Shedding light on the Global Ocean microbiome with algorithms and data collection

Federico Lauro1,2, Martin Ostrowski3,4, Caroline Chénard1, Enzo Acerbi1, Ian Paulsen3,4, Rachelle Jensen2 and Indigo V Expeditions, (1)Nanyang Technological University, (2)Indigo V Expeditions, (3)Macquarie University, (4)Indigo V Expeditions, Australia
Abstract:
In the Global Oceans, the marine microbiome plays a critical role in biogeochemical cycling of nutrients, but surveying marine microbial communities requires ship time for sample collection, economically constraining the number of samples collected. An integrative understanding of the microbiome’s activity and performance requires the collection of high-density data, both temporally and spatially in a cost-effective way. We have overcome this bottleneck by crowdsourcing the data collection to vessels of opportunity, including bluewater sailing yachts. Sailors know the oceans, and experience first-hand the declines in ocean productivity and the effects of pollution and climate change. Moreover, simply the ability to sample a microbial community during anomalous or inclement weather conditions is a major advance in sampling strategy. Our approach inherently incorporates the benefit of outreach and participation of people in scientific research, gaining positive media attention for sailors, scientists and concerned citizens alike.
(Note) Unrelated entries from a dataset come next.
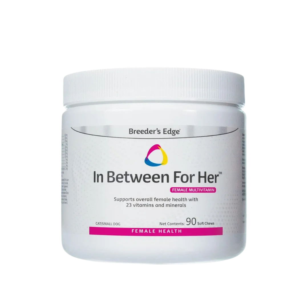 Breeder's Edge In Between For Her 90ct Cat Small Dog fills the nutritional gaps that may exist in the diet of female cats and dogs. Daily multivitamin designed for breeding female dogs and cats Supports reproductive, bone, skin and coat health Vitamin B to maintain a healthy reproductive system, calcium for bone health, biotin for healthy skin and coat, and iron as a blood builder 23 key vitamins and minerals Made in the USA Flavor Pork liver, Color Brown Count 90 soft chews Directions for Use Give daily between breedings. Dogs under 20lb and cats, 1 small soft chew per day. Dogs over 20lb, 2 small soft chews per day. Dogs 20-60lb, 1 medium large soft chew per day. Dogs over 60lb, 2 medium large soft chews per day. Click HERE to see all Health and Wellness products Click HERE to see all Breeder's Edge products. Discover premium quality trusted by pet parents seeking comfort, durability, and top trending pet care essentials. Shop now at www.HTAnimalSupply.com for fast shipping.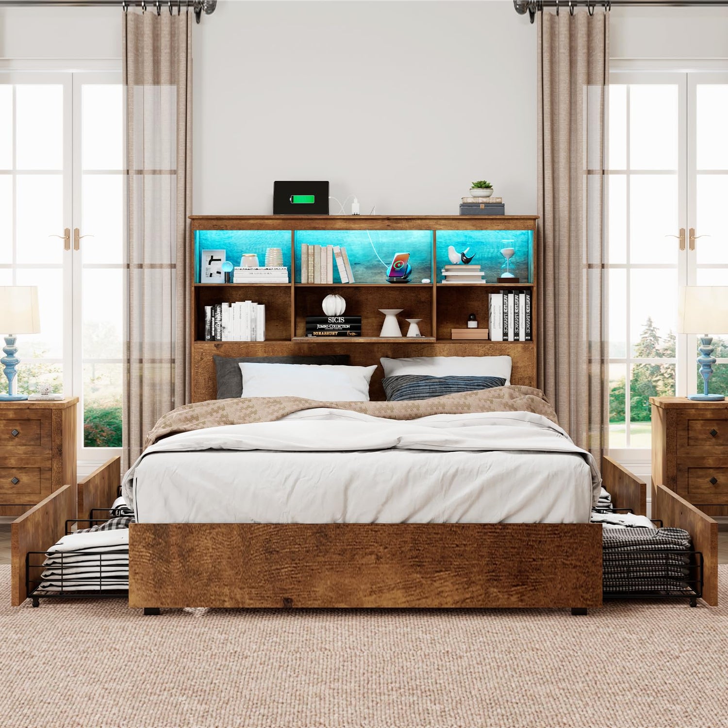 LUXOAK Rustic Brown Full Size Bed Frame with LED Bookcase Headboard, Charging Station & 4 Drawers – No Box Spring Needed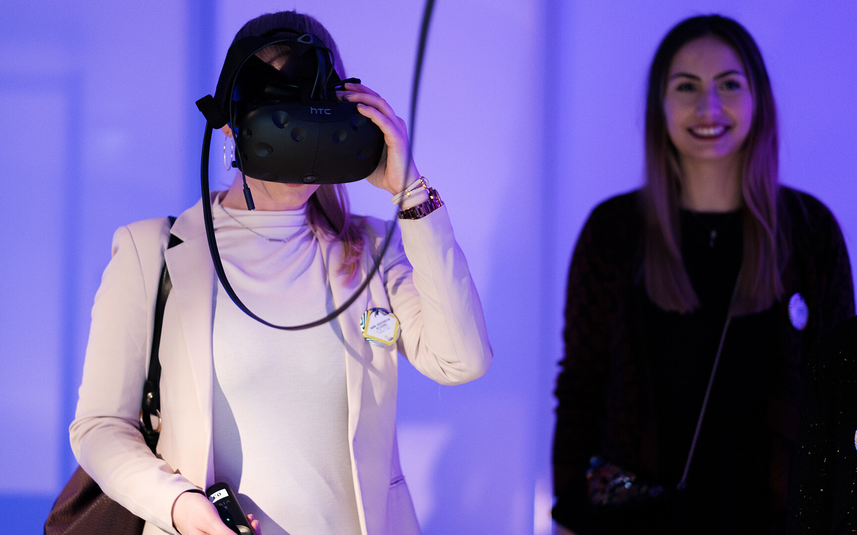 Einen besonderen Clou im Rahmen des Ausstellungserlebnisses stellt die dritte Musterfläche dar. Gemeinsam mit unserem Partner HH Vision erstellten wir hierfür digitale Bürowelten, die die Besucher an vier Terminals mit VR-Brillen erkunden können. Die Visualisierungen stellen die vollendete Bürowelt dar, die die Musterflächen anskizzieren.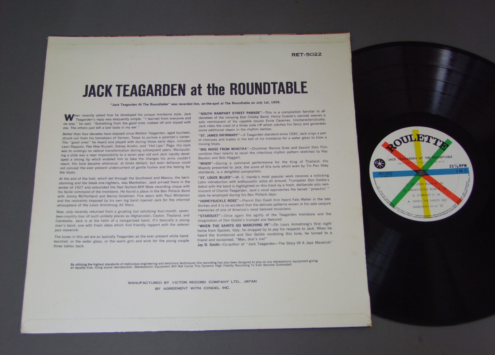 JACK TEAGARDEN/AT THE ROUNDTABLEオン・ステージ ミスター・ティーガーディン ペラジャケ RET5022 製造国:日本盤 / Media:LP外観:EX+盤の状態:EX+ 価格(税込):¥2,200(売約済) 送料 7inch:定形外郵便 360円~LP:定形外郵便 660円~送料は、注文の最終画面で確認頂けます。 > > JACK TEAGARDEN/AT THE ROUNDTABLE 外観 (EX+)特記事項:特記なし。外観EX+の共通説明:中古としては美品、一見してきれいでダメージが軽微。シミ、ヨゴレ、スレ有っても僅か~少し。 盤の状態 (EX+)特記事項:薄いスリキズ・スレ少し。一見してきれいな状態です。盤EX+の共通説明:盤面の極薄いスリキズ、スレ少し程度 音に出そうなものは無いように見える(極軽微なソフトティック音は除く)。 Tweet それぞれの画像をクリックすると、大きい写真が見られます こちらの商品もお勧めです 770円 CHICK COREA etcチック・コリア 他 / ECM SPECIALECMスペシャル 1,210円 JACQUES LOUSSIERジャック・ルーシエ / GOLDEN PLAYS BACH DOUBLE DELUXEゴールデン・プレイ・バッハ - ダブル・デラックス 1,210円 BUCK CLAYTONバック・クレイトン / PASSORT TO PARADISEスポート・トゥ・パラダイス 1,320円 SADAO WATANABE & CHARLIE MARIANO渡辺貞夫&チャーリー・マリアーノ / IBERIAN WALTZイベリアン・ワルツ 1,320円 THE QUINTETパーカー - ガレスピー - パウエル - ローチ - ミンガス / JAZZ AT MASSEY HALLジャズ・アット・マッセイ・ホール 770円 SADAO WATANABE渡辺貞夫 / MY DEAR LIFEマイ・ディア・ライフ 660円 SADAO WATANABE渡辺貞夫 / CALIFORNIA SHOWERカリフォルニア・シャワー 1,320円 TOSHIKO AKIYOSHI - LEW TABACKIN BIG BAND秋吉敏子=ルー・タバキン・ビッグ・バンド / INSIGHTSインサイツ

We have tested the basic methods during a 2013 Indian Ocean Concept Cruise, from Cape Town to Singapore, performing experimental work and reaching sampling locations inaccessible to traditional Oceanographic Vessels. At the same time we developed a small, yacht-adapted automated sampling device that takes a variety of biological and chemical measurements. In 2015 our first beta-cruisers sampled the Pacific Ocean in the first ever citizen-oceanography transect at high and low latitudes in both hemispheres. The collected samples were characterized with next-gen sequencing technology and analysed with a combination of novel algorithmic approaches. With big data management, machine learning algorithms and agent-based models we show that it is possible to deconvolute the complexity of the Ocean Microbiome for the scientific management of fisheries, marine protected areas and preservation of the oceans and seas for generations to come.